Two fence posts in the ground one with rot at ground level and one rotting under ground - the one rotting under ground will out live the one rotting at ground level by 10 years. All it takes is one stiff wind and SNAP goes the one rotting at ground level. 

Wind and rot are the killers of posts. That wind bending the post back and forth, back and forth is what leads to post failure.

In regard to warranties - I've never heard of anybody warranting a fence beyond a year.


----------



## Tom R (Jun 1, 2004)

A test done on the first PT wood was done by burying it under a swamp in Louisiana, - - it was pulled out 32 years later, - - and was still in 'good' condition, - - but that's because it was completely underground, - - once it's even partially above ground (and oxygen is introduced) it will rot much sooner than that. The 'weak' point is targeted right at grade level, - - because that's where the oxygen 'differential' lies. And sure, - - the wind will factor in on that weak point.


----------



## Mike Finley (Apr 28, 2004)

Tom, isn't that what I said?


----------



## PipeGuy (Oct 8, 2004)

*ideas?*



Mike Finley said:


> PS I would recommend no grass around the fence post, why introduce a moisture retaining sponge right at ground level to creat the weakness of rot that is the problem with every fence post.

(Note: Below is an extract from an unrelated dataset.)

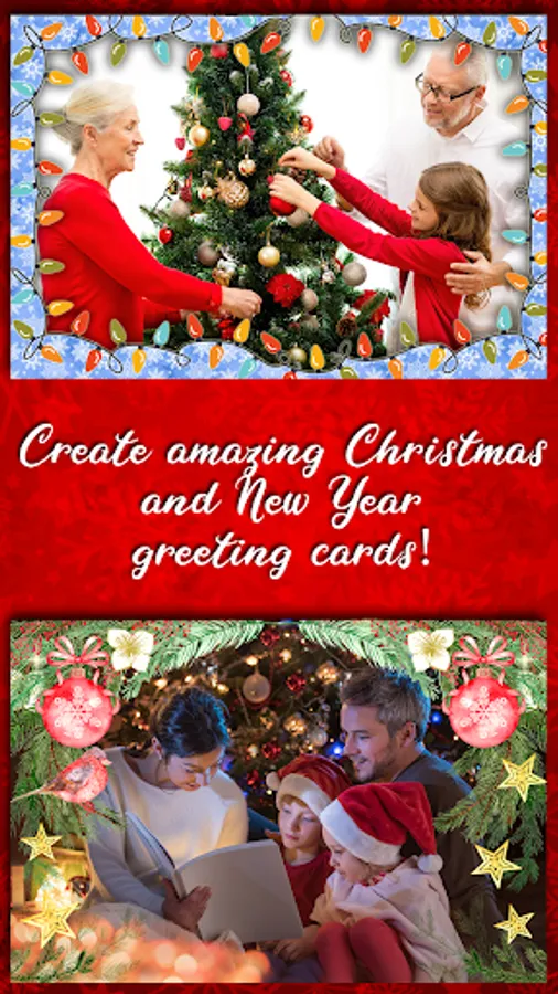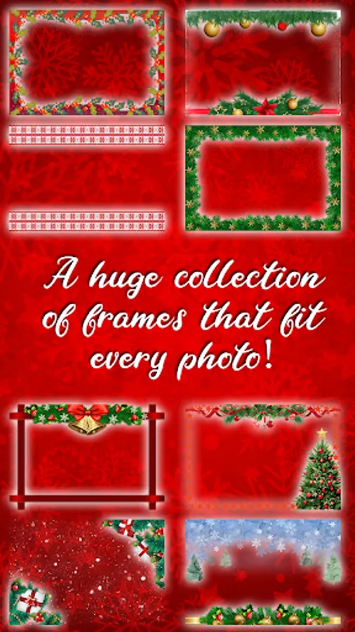 🎅 🎄🎁 Your "Christmas cards" will draw attention with their unique design and their smile-inducing power, which is what classifies Christmas Photo Frames – Merry Xmas Card Maker among the best free Xmas photo editors. Every "New Year photo frame" that is part of this collection possesses some distinctive features. Its remarkable design blends vivid colors and famous symbols in order to bring to you all these gentle emotions that warm our soul at the times of the celebration of life. Add some "Christmas photo editing effects" to your ordinary photos and transform them into photo cards that you can send with just a couple of clicks! Write an appropriate Christmas text and let your images speak volumes!

I built a PT privacy fence around my backyard about 8 years ago - about 300 feet total. It varies in height, depending on the slope of the ground, from 5 feet to almost 7 feet. Post holes were dug to a depth of 42" whenever possible (lots of rocks encountered) and none were shallower than 36". Every post was set on gravel and subsequently backfilled with concrete to ground level.

A couple of days ago, while looking for a break in my invisible dog fence, I noticed that the concrete at several posts is now exposed to roughly a 1/2" below the top of the concrete. I don't discern any substantial deflection along the top of the fenceline (the fence line runs straight from corner to corner throughout the yard). Do you think that frost heave is bringing the posts out of the ground or is erosion a more likely cause of the exposure?

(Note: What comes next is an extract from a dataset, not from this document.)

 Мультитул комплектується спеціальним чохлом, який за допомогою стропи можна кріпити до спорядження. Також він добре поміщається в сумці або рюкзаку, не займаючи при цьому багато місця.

Also, I noted the discussion about gravel backfill. I opted for concrete backfill because the soil is primarily hard, wet, clay with quartz fragments that doesn't drain at all. Putting gravel around the post seemed to me much like sitting each post in a bucket of water. With my soil its not even clear to me that gravel under the post is a good thing but rather just "the way it's always done". Do you guys think that soil condition is anything to consider from job to job or is it something that probably doesn't matter at all?


----------



## Tom R (Jun 1, 2004)

Mike Finley said:


> Tom, isn't that what I said?


Yes, it is, Mike, - - but I wanted to say it too!

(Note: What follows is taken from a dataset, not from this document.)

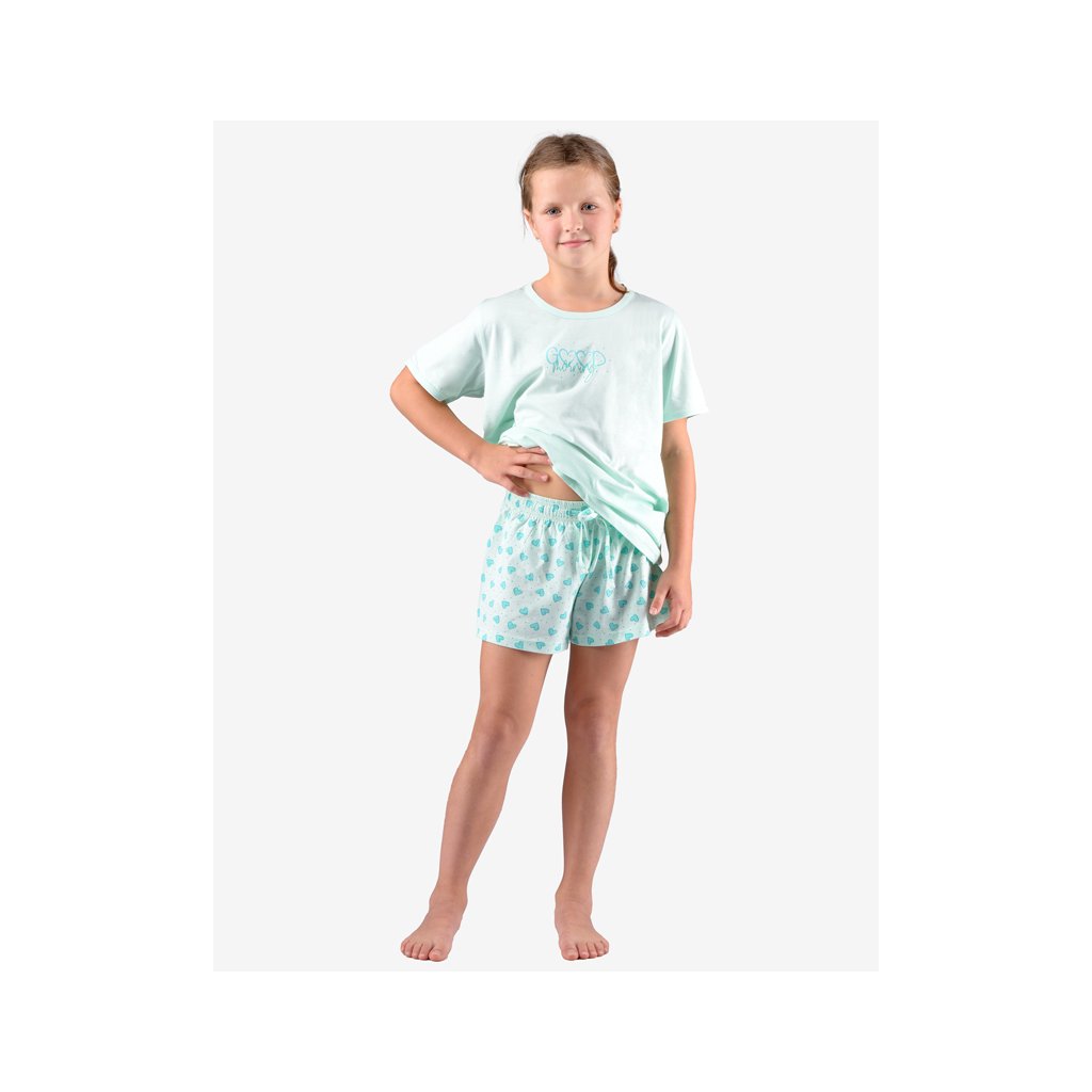 pyžamo krátké dívčí, šité, s potiskem značky GINA, kód 29008. Barva: aqua akvamarín, Velikost: 140/146, Složení: 100% BavlnaZákladem kvalitního spánku je vaše pohodlí, ke kterému vám pomůže i pohodlné noční prádlo. Naše dívčí pyžamo s krátkým rukávem a šortkami s potiskem potěší každou malou parádnici. Tričko má potisk na hrudníku, pyžamo je celé navržené v moderním designu a ušité ze 100% bavlněného úpletu, díky kterému se v něm bude spát doslova jako v bavlnce.. Kolekce: Pyžama 2022Doplňkové parametry

Tag, - - you're 'it'. :cheesygri


----------



## Tom R (Jun 1, 2004)

PipeGuy said:


> A couple of days ago, while looking for a break in my invisible dog fence, I noticed that the concrete at several posts is now exposed to roughly a 1/2" below the top of the concrete. I don't discern any substantial deflection along the top of the fenceline (the fence line runs straight from corner to corner throughout the yard). Do you think that frost heave is bringing the posts out of the ground or is erosion a more likely cause of the exposure?
> 
> Also, I noted the discussion about gravel backfill. I opted for concrete backfill because the soil is primarily hard, wet, clay with quartz fragments that doesn't drain at all. Putting gravel around the post seemed to me much like sitting each post in a bucket of water. With my soil its not even clear to me that gravel under the post is a good thing but rather just "the way it's always done". Do you guys think that soil condition is anything to consider from job to job or is it something that probably doesn't matter at all?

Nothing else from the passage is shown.